§ **What is being asked**
Copy, word for word, the lines below from the one containing "O Kit Completo" up to and including the one containing "财务成功有什么秘诀吗?大多数", with pictures left out.

§ **Given information**
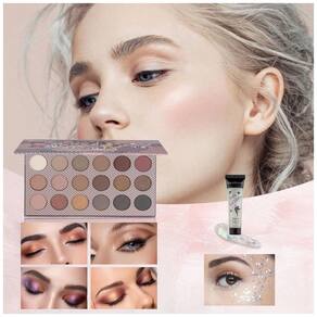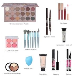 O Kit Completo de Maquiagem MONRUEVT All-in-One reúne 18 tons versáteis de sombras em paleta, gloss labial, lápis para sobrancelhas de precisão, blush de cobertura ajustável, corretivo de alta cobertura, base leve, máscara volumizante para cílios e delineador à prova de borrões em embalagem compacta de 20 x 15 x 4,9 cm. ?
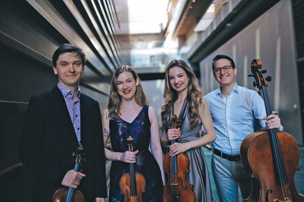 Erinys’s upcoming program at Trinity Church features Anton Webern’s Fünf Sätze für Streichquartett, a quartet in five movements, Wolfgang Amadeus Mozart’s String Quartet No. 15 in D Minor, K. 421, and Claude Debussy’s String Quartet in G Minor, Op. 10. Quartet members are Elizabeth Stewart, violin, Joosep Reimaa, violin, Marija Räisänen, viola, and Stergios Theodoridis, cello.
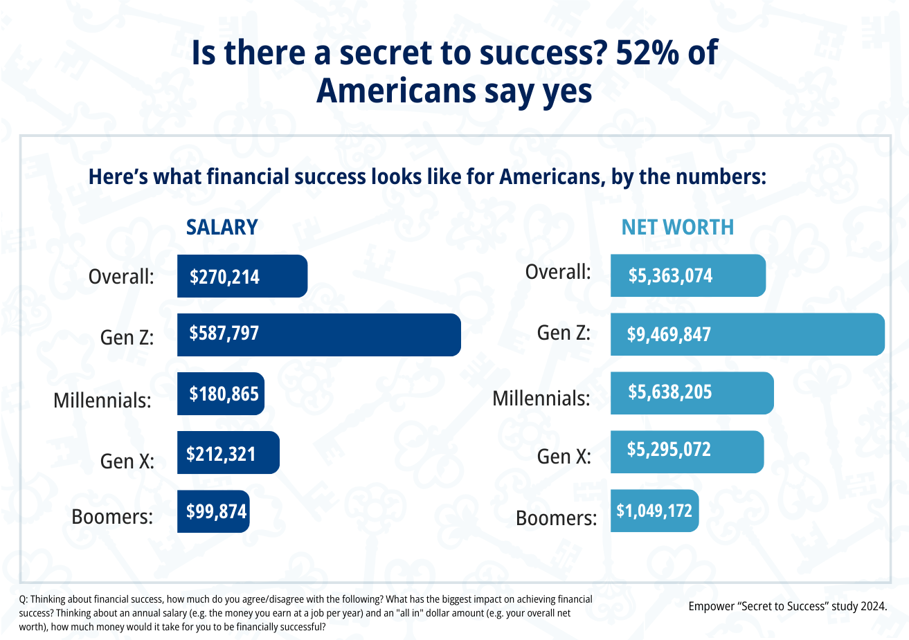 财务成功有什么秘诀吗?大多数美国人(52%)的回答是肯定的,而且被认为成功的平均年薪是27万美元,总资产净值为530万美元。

==

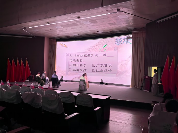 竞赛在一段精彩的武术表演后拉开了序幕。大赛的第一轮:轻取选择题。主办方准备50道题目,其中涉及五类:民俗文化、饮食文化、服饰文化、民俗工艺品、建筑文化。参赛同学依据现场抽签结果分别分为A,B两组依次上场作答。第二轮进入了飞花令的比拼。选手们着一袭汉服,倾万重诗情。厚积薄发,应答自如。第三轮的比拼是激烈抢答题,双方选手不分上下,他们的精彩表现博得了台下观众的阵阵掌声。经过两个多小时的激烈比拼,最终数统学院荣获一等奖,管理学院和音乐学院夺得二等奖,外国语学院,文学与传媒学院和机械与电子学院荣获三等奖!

§ **Result of this task**
 O Kit Completo de Maquiagem MONRUEVT All-in-One reúne 18 tons versáteis de sombras em paleta, gloss labial, lápis para sobrancelhas de precisão, blush de cobertura ajustável, corretivo de alta cobertura, base leve, máscara volumizante para cílios e delineador à prova de borrões em embalagem compacta de 20 x 15 x 4,9 cm. ?
 Erinys’s upcoming program at Trinity Church features Anton Webern’s Fünf Sätze für Streichquartett, a quartet in five movements, Wolfgang Amadeus Mozart’s String Quartet No. 15 in D Minor, K. 421, and Claude Debussy’s String Quartet in G Minor, Op. 10. Quartet members are Elizabeth Stewart, violin, Joosep Reimaa, violin, Marija Räisänen, viola, and Stergios Theodoridis, cello.
 财务成功有什么秘诀吗?大多数美国人(52%)的回答是肯定的,而且被认为成功的平均年薪是27万美元,总资产净值为530万美元。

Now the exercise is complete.